All of the above desires are normal, healthy, and valid. They're all things that we need in order to feel well and vibrant in our lives. The lie diet culture sells us is that getting your body to look a certain way is how you're going to fulfill these needs. Once you identify which particular lies you've been buying into, you can work towards healing your relationship with you body and filling your needs in more meaningful and lasting ways.

Looking at the list above, see if you can pinpoint one or two of the strongest motivators underneath your longing for your body to look a certain way (or you might have other motivators not listed here). This is where you need to process what's really going on and what that unmet need is telling you. Below are some starting ideas to begin that exploration:

  • Confidence - What self-limiting beliefs are getting in the way of my confidence? How can I live with confidence and embrace my self-worth today? How can I move/exercise and nourish my body with food in a way that helps me to feel confident? What people/structures around me tear down my confidence and how can I remove them from my life or advocate for change?

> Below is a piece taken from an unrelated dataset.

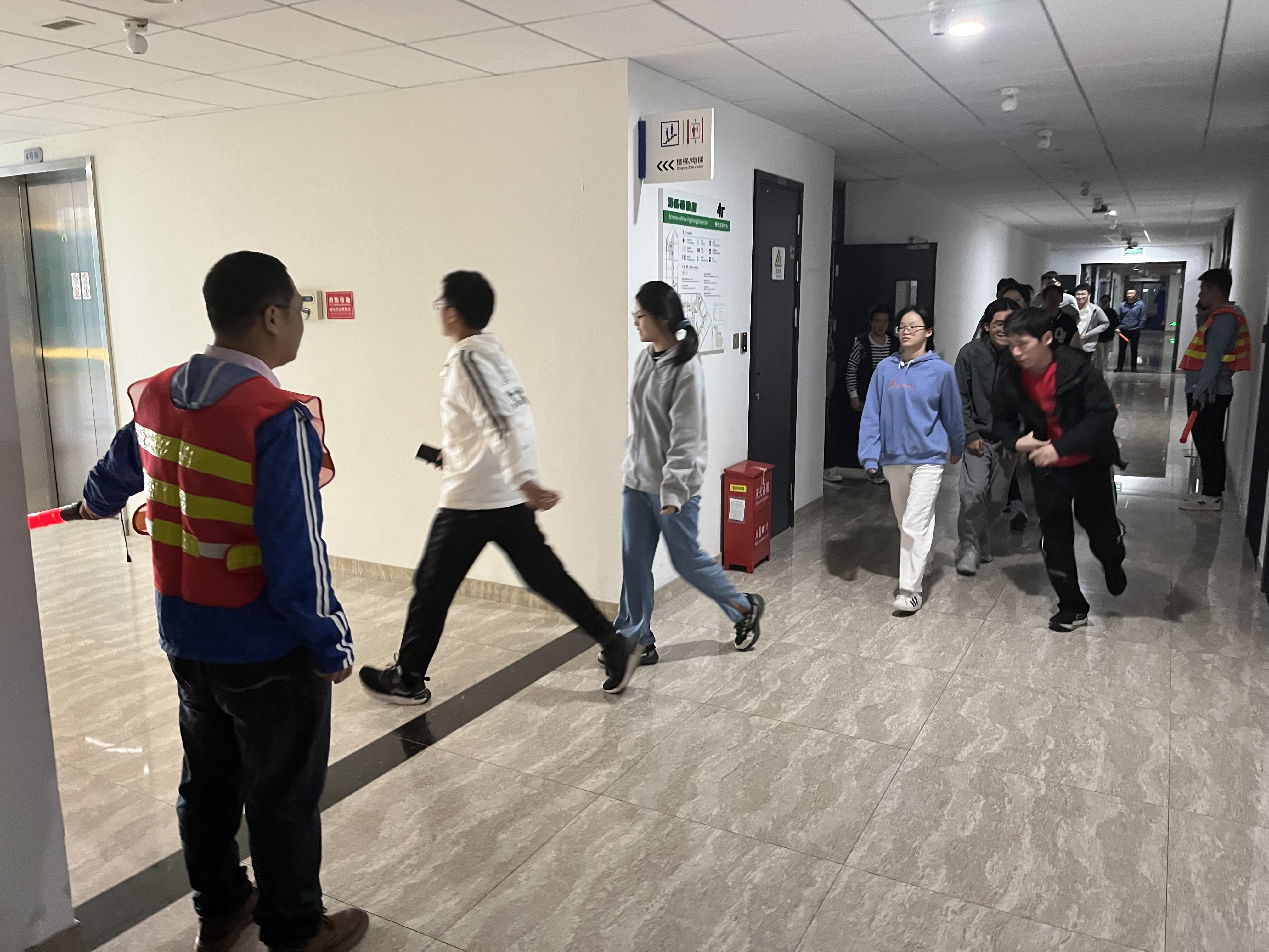 首先由副经理汪磊老师和实验室常务副主任宋瑞刚老师耐心地向参与演练的师生们普及防灾减灾知识和技能,消防科吴挺老师结合公司实验室的具体情况,特制定疏散逃生演练方案。根据疏散方案,相关人员到达指定疏散楼梯口引导师生顺着逃生线路从消防安全通道分流疏散撤离。最后,在播放紧急疏散警报后,疏散引导组成员立即组织员工疏散,员工有序跑出教室,在老师的引导下顺利地通过了相对窄小的楼道,最后到达指定位置。

  • Power - How can I own my personal, intrinsic power today? How can I advocate to uproot power imbalances in society that contribute to an unhealthy relationship with power? How can I move/exercise and nourish my body with food in a way that helps me to feel strong and empowered?

  • Validation - What led me to believe that I need other people's approval or validation? How can I give validation and love to myself rather than only seeking externally? How can I take care of my body so that it feels loved and cherished?

  • Control - How can I sit with and have compassion for my anxiety and overwhelm? What small, gentle practices or activities help me to feel grounded enough to accept uncertainty? What self-limiting beliefs get in the way of my autonomy? What people/structures in my life exert too much control over me and how can I remove them or advocate for change?

  • Life Satisfaction - How can I find joy and contentment in this moment right now? What made me believe that happiness is in the future rather than in the present moment? How can my relationship with my body be one that embraces joy and pleasure?

  • Self-Connection - How can I cultivate love and gratitude for my body right now? How can I move/exercise and nourish my body with food in a way that fosters a loving connection to my body?

  • Belonging - What self-limiting beliefs do I have about belonging? How can I work towards accepting myself and belonging to myself? What has society taught me about who belongs and who doesn't and how can I uproot that?

These reflections are all jumping off points that, over time and with repetitive mindful awareness, can shift your relationship with your body. Particularly if your unmet needs are rooted in trauma or relational wounding, you may benefit from the support of therapy to facilitate deeper processing and healing.